__Data listing__.

--- START ---

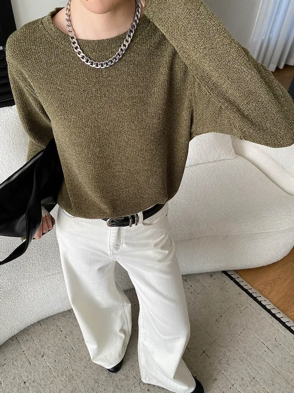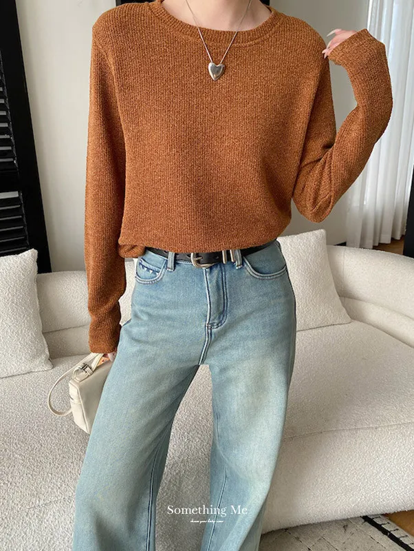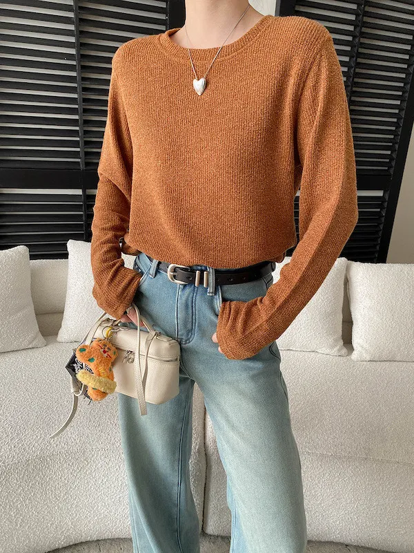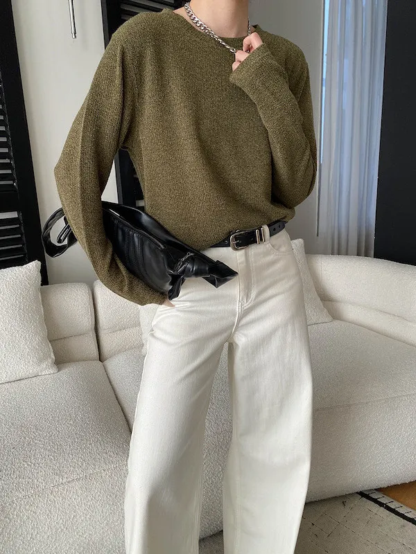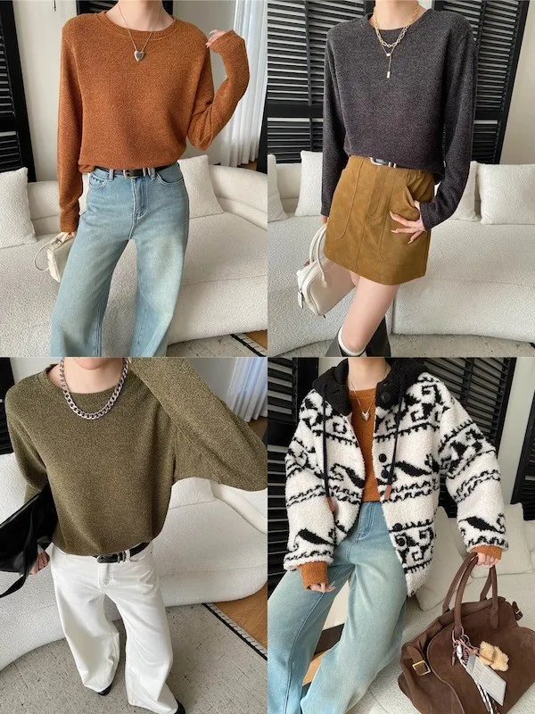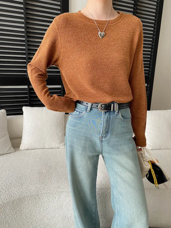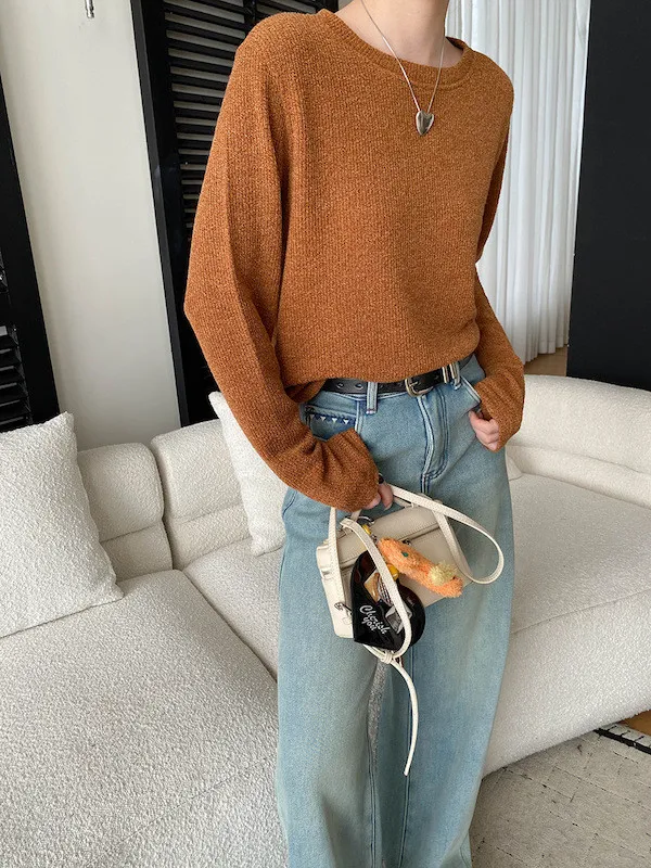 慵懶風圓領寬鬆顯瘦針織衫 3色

--- END ---
--- START ---

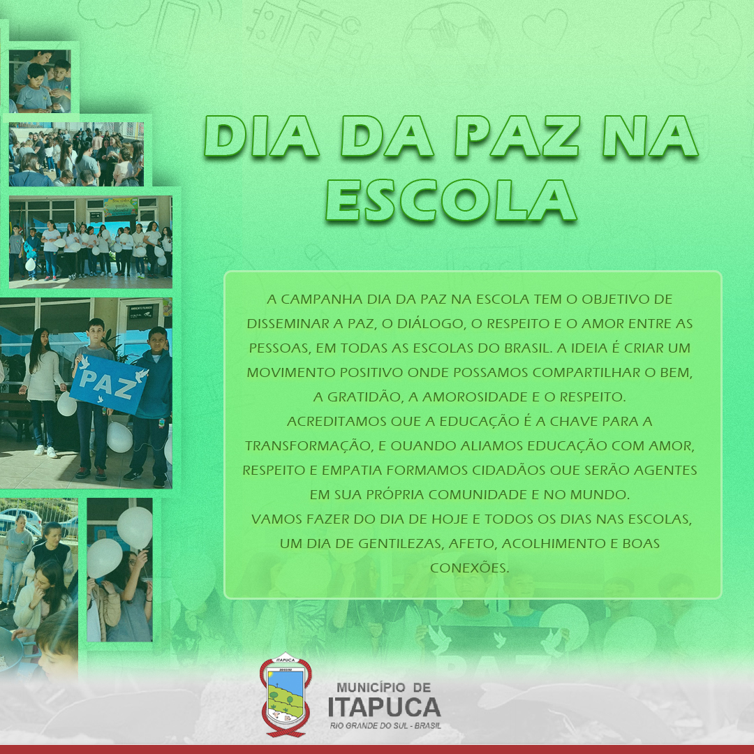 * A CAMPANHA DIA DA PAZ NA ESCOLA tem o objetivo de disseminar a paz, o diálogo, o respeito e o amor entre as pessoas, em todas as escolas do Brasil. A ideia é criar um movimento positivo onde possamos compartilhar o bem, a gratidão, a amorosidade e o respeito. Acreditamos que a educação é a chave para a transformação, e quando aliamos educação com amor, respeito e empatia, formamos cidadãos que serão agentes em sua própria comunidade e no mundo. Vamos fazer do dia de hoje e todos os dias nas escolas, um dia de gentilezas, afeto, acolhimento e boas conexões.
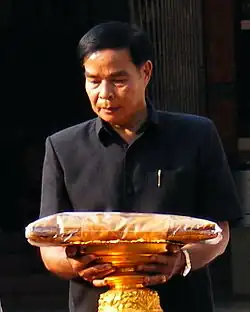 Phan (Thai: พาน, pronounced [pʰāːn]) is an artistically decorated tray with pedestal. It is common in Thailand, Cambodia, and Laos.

--- END ---

__What this task involves__.
Pictures excluded, transcribe the listing above exactly from the line with "e boas conexões." through the line with "Phan (Thai: พาน, pronounced", and no further.

__Finished exercise__.
 * A CAMPANHA DIA DA PAZ NA ESCOLA tem o objetivo de disseminar a paz, o diálogo, o respeito e o amor entre as pessoas, em todas as escolas do Brasil. A ideia é criar um movimento positivo onde possamos compartilhar o bem, a gratidão, a amorosidade e o respeito. Acreditamos que a educação é a chave para a transformação, e quando aliamos educação com amor, respeito e empatia, formamos cidadãos que serão agentes em sua própria comunidade e no mundo. Vamos fazer do dia de hoje e todos os dias nas escolas, um dia de gentilezas, afeto, acolhimento e boas conexões.
 Phan (Thai: พาน, pronounced [pʰāːn]) is an artistically decorated tray with pedestal. It is common in Thailand, Cambodia, and Laos.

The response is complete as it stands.